= Mary Catherine Ferguson =

Irish writer, biographer, and archaeologist

Mary Catherine Guinness Ferguson (1823–1905) was an author and biographer in Dublin, Ireland.

==Life==
She was born at Stillorgan, co. Dublin, on 13 September 1823, to Robert Rundell Guinness (1789-1857) and his first wife Mary Anne Seymour (died 1837). She was educated partly at home and partly at Woodside, Cheshire. Keenly interested from an early age in Irish art and archæology.

On 16 August 1848, she married the lawyer and antiquarian Samuel Ferguson, becoming Lady Ferguson when he was knighted in 1878.
Their circle of acquaintances included George Petrie and William Reeves.

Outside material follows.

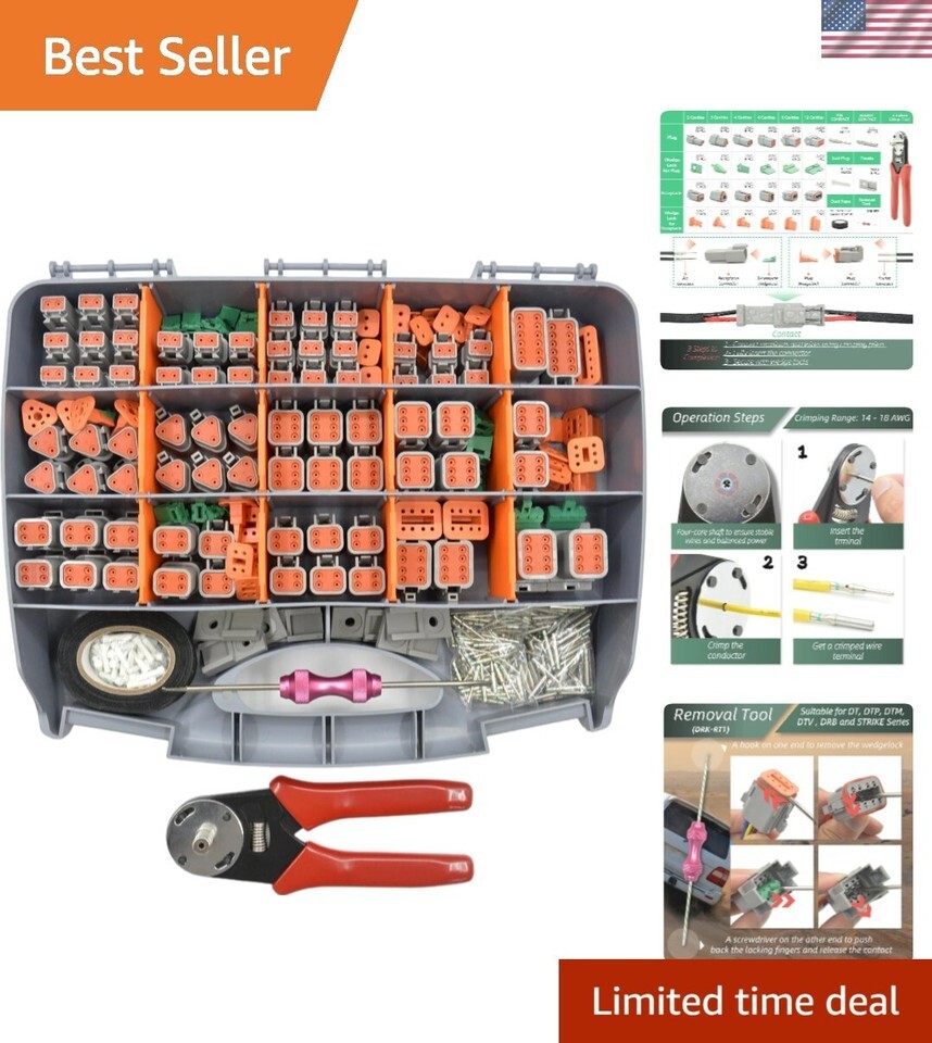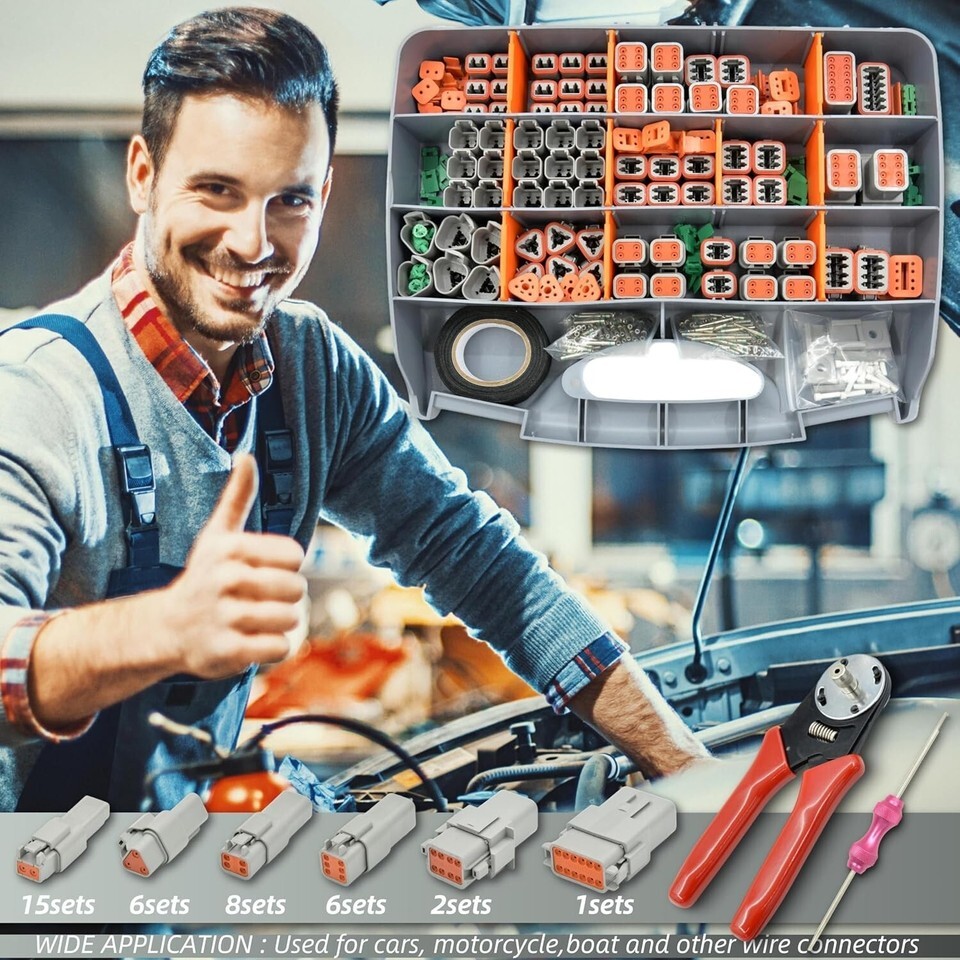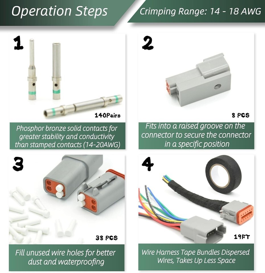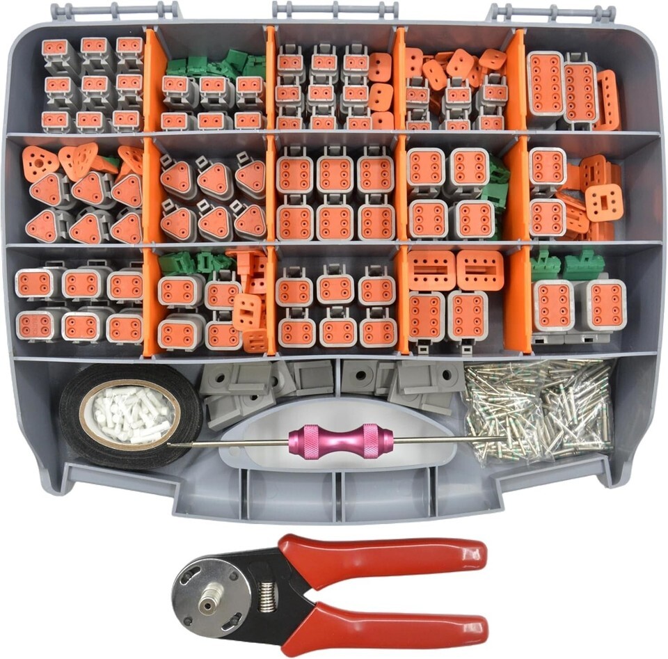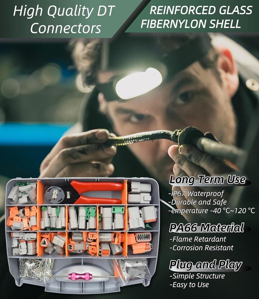 Deutsch Connector Kit: Includes all components to assemble DT electrical connector plugs as well as disassembly and crimping tools. All DT connectors are made of flame-retardant nylon (PA66+30% GF), water and dust resistant, strong quality and safe installation. The stronger snap-on design ensures that the contacts are inserted accurately and completely into the housing, preventing them from slipping out of the connector. It can also be easily removed for plug-and-play when needed

She died in Dublin on 5 March 1905, and was buried in her husband's grave at Donegore, co. Antrim. They had no children, but raised the children of her brother-in-law John Ferguson after their mother's death . Irish scholars, writers and artists often met at Ferguson's home.

==Works==
Her own interest in Irish art and archaeology produced:
- The story of the Irish before the conquest. From the mythical period to the invasion under Strongbow (1868)
- Lays of the Red Branch (1897).

Her biographical works include:

- a biography of her husband in two volumes,
- Life of William Reeves, D.D., Lord Bishop of Down, Connor and Dromore, 1893, and she edited his papers after his death.

She is listed in the Dictionary of Irish Biography.